In a statement, the bank said the exemption will be applicable till March 15, 2023. The decision comes as part of efforts to secure needs of the local Egyptian market and facilitate import procedures.
The directive is applicable on all import requests submitted by companies after taking into consideration the credit study conducted by each bank.
Meanwhile, the land of Pharaoh, has also suspended the export of wheat, flour, pasta and lentils for three months, starting March 11, Masrawy news portal reported, as it experiences a dramatic increase in the price of unsubsidized bread and other staples.

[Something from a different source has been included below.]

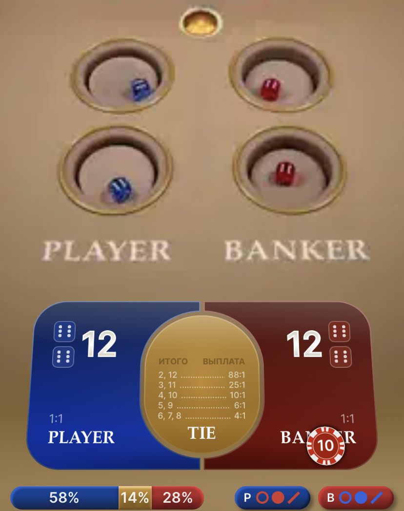 В итоге, плееру выпала общая сумма двух костей 12, и банкиру вслед за ним, что случается здесь очень редко. А выплата за такой исход составляет аж целых 88:1!!! Если бы я поставил хотябы 1$ на ничью — был бы отличный занос вместе с возвратом ставки, но в этот раз очень не повезло, и мне досталось только последнее( Очень тяжело было это видеть

The recent increase in the inflation rate from 4.9% a year ago to 10% in February largely was attributed to a surge in prices of food, especially vegetables, bread and grain.

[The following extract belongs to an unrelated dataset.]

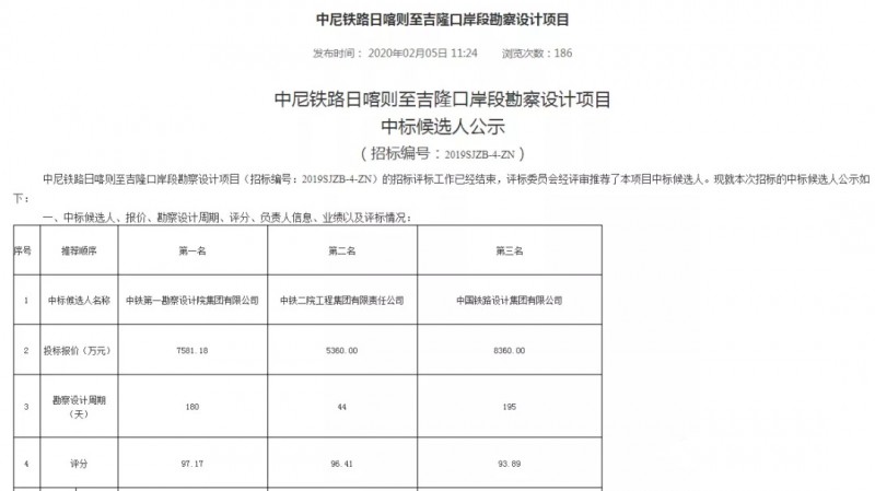 2月5日,中尼铁路日喀则至吉隆口岸段勘察设计项目中标候选人开始公示,中铁一院中标。

The price for a pack of five flatbread loaves is now about 7.5 Egyptian pounds (48 cents), up from 5 Egyptian pounds a week ago. Subsidized bread is about 5 Egyptian pounds, but the government has said a price increase likely will happen.
Egypt’s Prime Minister Mostafa Madbouly said the country has enough wheat reserves for four months.
The wheat harvest season will begin in mid-April so the country will have no need to resort to the global market until the end of the year, he said.
Ukraine and Russia war threaten Africa’s food security
The move is also in response to the recent conflicts between Ukraine and Russia which has disrupted global trade of key commodities such as cereals and vegetable oils.
Egypt is the world’s top wheat importer, and from 2020 to 2021, most of that, about 12.5 million tonnes, came from Russia and Ukraine
With this trade prohibition, Egypt joins in particular Benin , Côte d’Ivoire and Mali , which have also taken measures in recent months to limit the exit from their territory of several agricultural products.
According to a recent report from Germany’s Kiel Institute for the World Economy (IfW), African countries may be hit hard by any continuing halt to Ukraine’s grain exports caused by the war.
“The country supplies large quantities of grain to North African states in particular, which other sources of supply could not replace even in the long run.
“The war in Ukraine could significantly worsen the supply of cereals used in food production in African countries, making food more expensive if Ukraine ceases to be a grain supplier,” the institute said.
Grain importers globally have been hit by surging prices, with wheat around 14-year highs following the sudden stop of exports from Ukraine and a sharp reduction from Russia. The conflict has closed-grain export ports.
Russia and Ukraine contribute nearly 30% of global wheat exports along with large volumes of animal feed grains and edible oils, with shipments massively cut by the fighting.
Among the countries hardest hit could be Tunisia, where the country’s total wheat imports would decrease by over 15%. Egypt would import over 17% less while South Africa would import 7% less.
Grain imports would also be noticeably disrupted in countries including Cameroon, Algeria, Libya, Ethiopia, Kenya, Uganda, Morocco and Mozambique.